There is also the issue of the Republican-controlled Senate’s willingness to even consider such a bill if it were to make it out of the House.
What is certain is that this is an issue that isn’t going away. The concerns that form the basis for both of these bills are ones that have repeatedly been raised by consumer advocacy groups – which will have substantially greater influence now that the Democrats have retaken the House. Servicers should expect these issues to continue to be of interest to Waters.
Implications for servicers
When these bills were introduced, I and others in the industry sought to make clear to Financial Services Committee staff that the ends the congresswoman sought would best be achieved not by adding to the cost and burden of servicing FHA and conventional loans, but by leveraging technology to give regulators greater transparency into the outreach and loss mitigation options made available to borrowers. Continued reliance on servicer-reported data does little to mitigate the risk of poor or fraudulent reporting by servicers.
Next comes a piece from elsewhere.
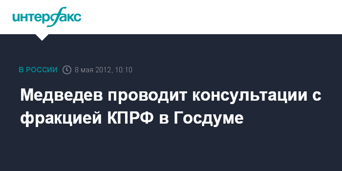Москва. 8 мая. INTERFAX.RU - В Госдуме во вторник начались консультации кандидата в премьеры России Дмитрия Медведева с фракцией компартии. Накануне подобные консультации прошли с "Единой Россией" и ЛДПР. Ожидается, что после завершения встречи с коммунистами Д.Медведев проведет консультации с эсерами.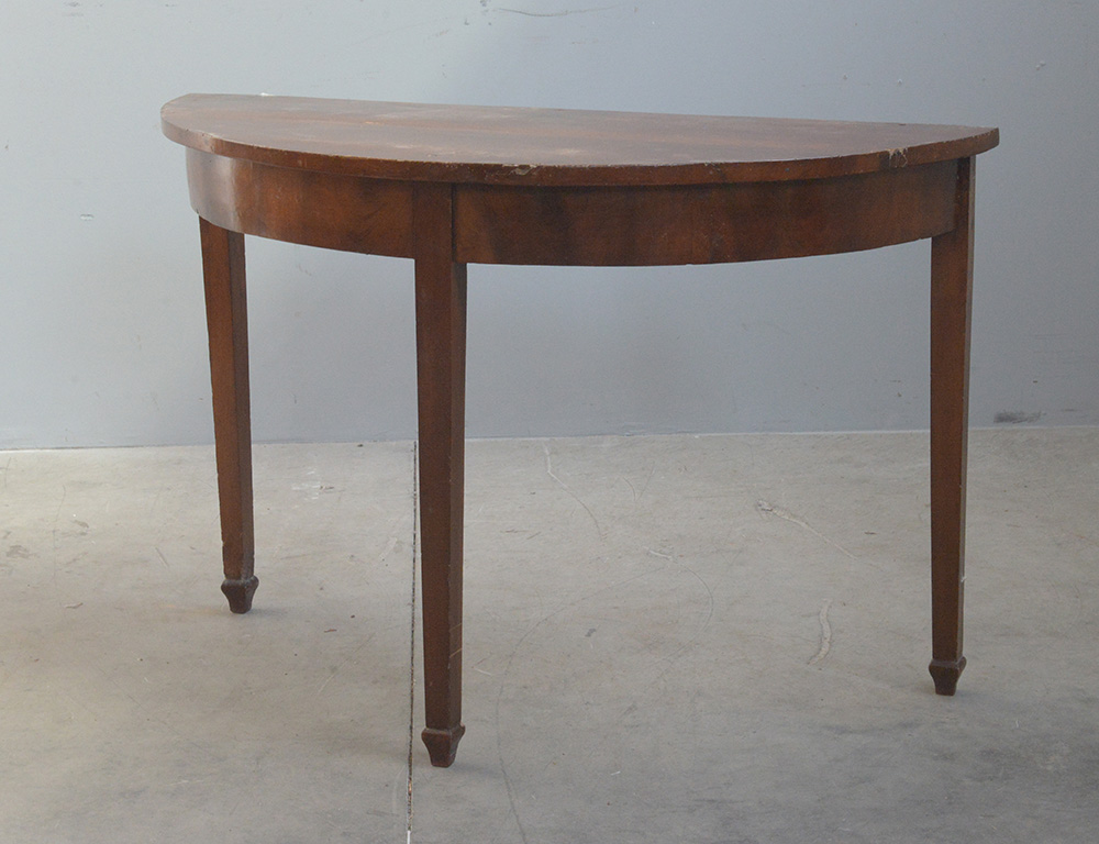 Consolle in mogano a mezza luna con tre gambe rastremate. Sec. XIX (cm 118x79x53) (difetti)

And the potential for increased servicing costs, reduced MSR values, and/or diminished access to credit resulting from heightened reporting and compliance requirements warrants a different approach to achieving the congresswoman’s goals.
Implementation of the right technology solutions could offer transparency that virtually eliminates the chances for fraud or errors in reporting, providing the kind of borrower protection and servicer oversight Waters seeks. The automation of mandatory reporting actually decreases compliance burdens. I expect that future iterations of these two bills will focus on the utilization of technology to document compliance with servicing guidelines.
To prepare for such requirements, servicers should evaluate their IT capabilities and look to invest in the development or acquisition of robust reporting and analytic mechanisms that could be used to electronically deliver servicing and loss mitigation data to insurers and regulators in real time. Not only will this be necessary from a compliance standpoint, but these are smart investments from a business perspective – automating reporting and analytics functions creates efficiencies, reduces costs and errors, and strengthens compliance.
Servicers have made substantial investments to improve processes and technology that contributed to the widespread failures that occurred in the aftermath of the housing crisis. Now, it’s time to move beyond correcting past failures and to start preparing for the future of servicing.